= About this task =
Report how many lines in the data include the string "with", and add nothing else.

= Records for the task =
§ §
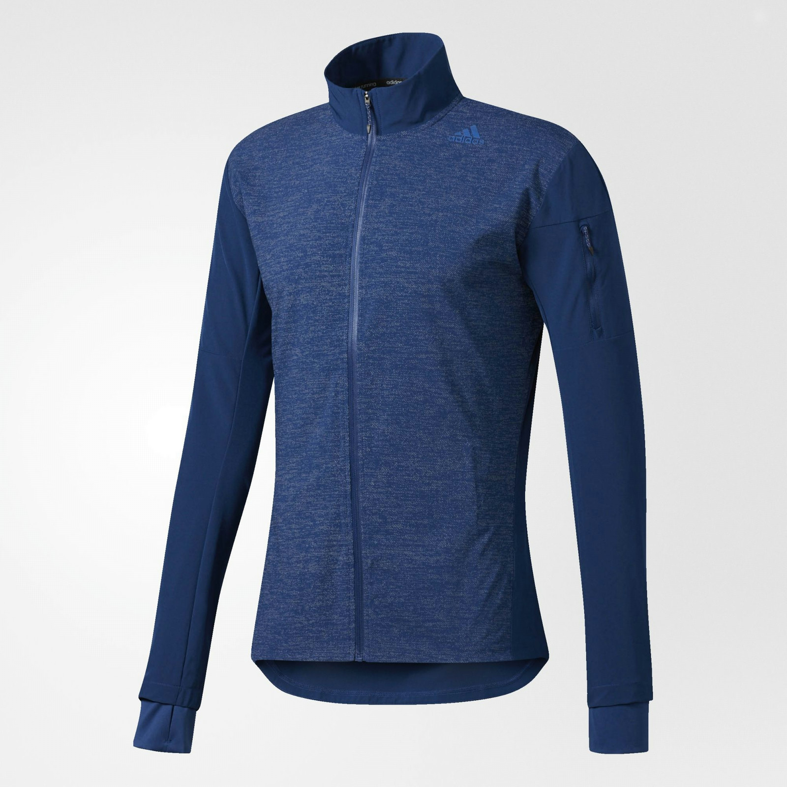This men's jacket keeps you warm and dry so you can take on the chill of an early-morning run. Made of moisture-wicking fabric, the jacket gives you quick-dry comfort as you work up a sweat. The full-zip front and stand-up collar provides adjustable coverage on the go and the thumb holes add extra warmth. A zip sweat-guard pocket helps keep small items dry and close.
§ §
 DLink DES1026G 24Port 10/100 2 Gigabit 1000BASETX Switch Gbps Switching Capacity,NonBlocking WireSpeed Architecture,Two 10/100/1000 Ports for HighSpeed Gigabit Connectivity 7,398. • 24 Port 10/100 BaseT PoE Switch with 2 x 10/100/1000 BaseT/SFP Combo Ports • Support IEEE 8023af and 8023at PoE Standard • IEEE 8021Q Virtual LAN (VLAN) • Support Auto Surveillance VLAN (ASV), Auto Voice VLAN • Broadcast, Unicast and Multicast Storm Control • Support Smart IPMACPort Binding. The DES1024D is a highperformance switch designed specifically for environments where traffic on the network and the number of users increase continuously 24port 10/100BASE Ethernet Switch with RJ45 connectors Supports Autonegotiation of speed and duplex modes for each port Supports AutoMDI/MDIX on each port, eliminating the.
§ §
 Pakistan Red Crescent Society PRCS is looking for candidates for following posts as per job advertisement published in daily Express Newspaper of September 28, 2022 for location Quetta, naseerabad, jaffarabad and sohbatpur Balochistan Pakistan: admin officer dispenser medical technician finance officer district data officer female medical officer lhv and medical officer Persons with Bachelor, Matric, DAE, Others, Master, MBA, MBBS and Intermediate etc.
§ §
= Exercise answer =
2